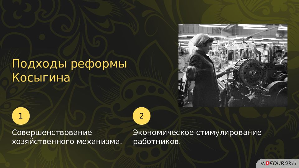 Подходы реформы Косыгина Совершенствование хозяйственного механизма. 1 Экономическое стимулирование работников. 2
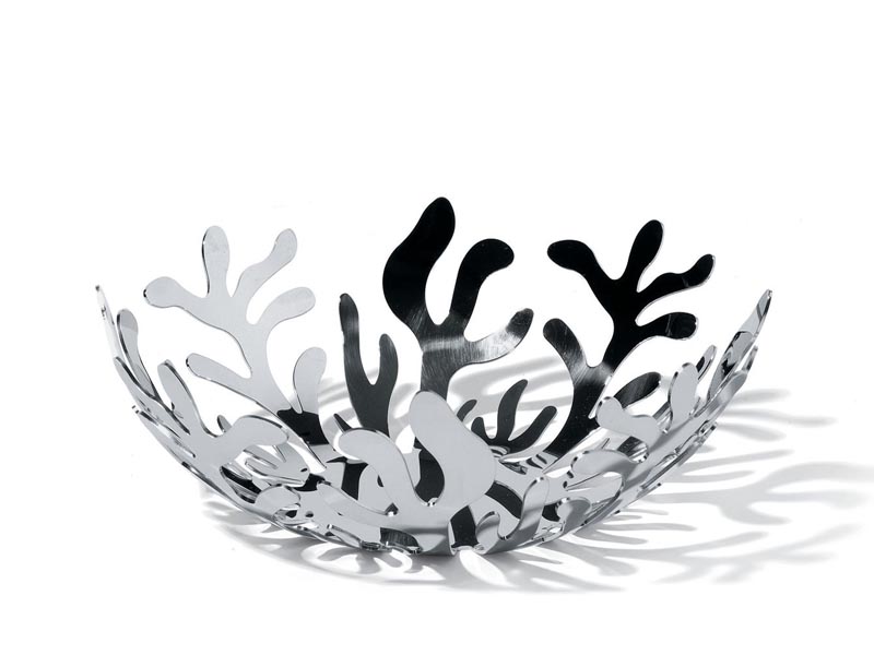 Piękna dekoracyjna misa na owoce o niezwykle oryginalnej ażurowej konstrukcji wykonanej z wysokiej jakości, odpornej na działanie kwasów oraz zarysowania wysokopolerowanej stali nierdzewnej 18/10 o lustrzanej powierzchni.
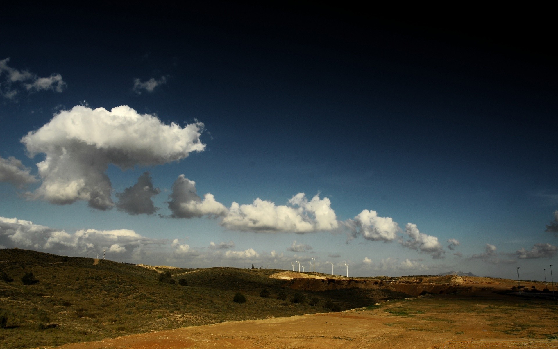 Wiatrak na wzgórzach na tle nieba
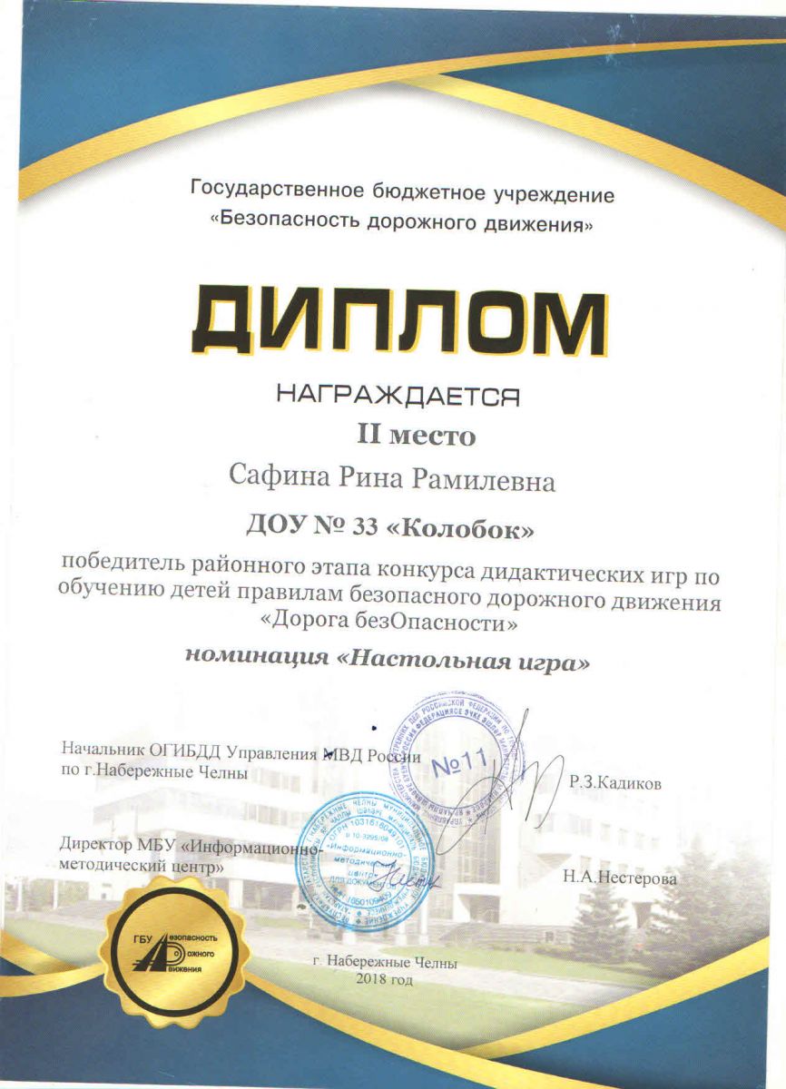Городской конкурс дидактических игр по обучению детей правилам безопасного дорожного движения "Дорога безОпасности" Диплом 2 степени Сафина Р.Р..

Work request: Repeat the data verbatim through the "Piękna dekoracyjna misa" line, no pictures.

Answer to the problem:
 Подходы реформы Косыгина Совершенствование хозяйственного механизма. 1 Экономическое стимулирование работников. 2
 Piękna dekoracyjna misa na owoce o niezwykle oryginalnej ażurowej konstrukcji wykonanej z wysokiej jakości, odpornej na działanie kwasów oraz zarysowania wysokopolerowanej stali nierdzewnej 18/10 o lustrzanej powierzchni.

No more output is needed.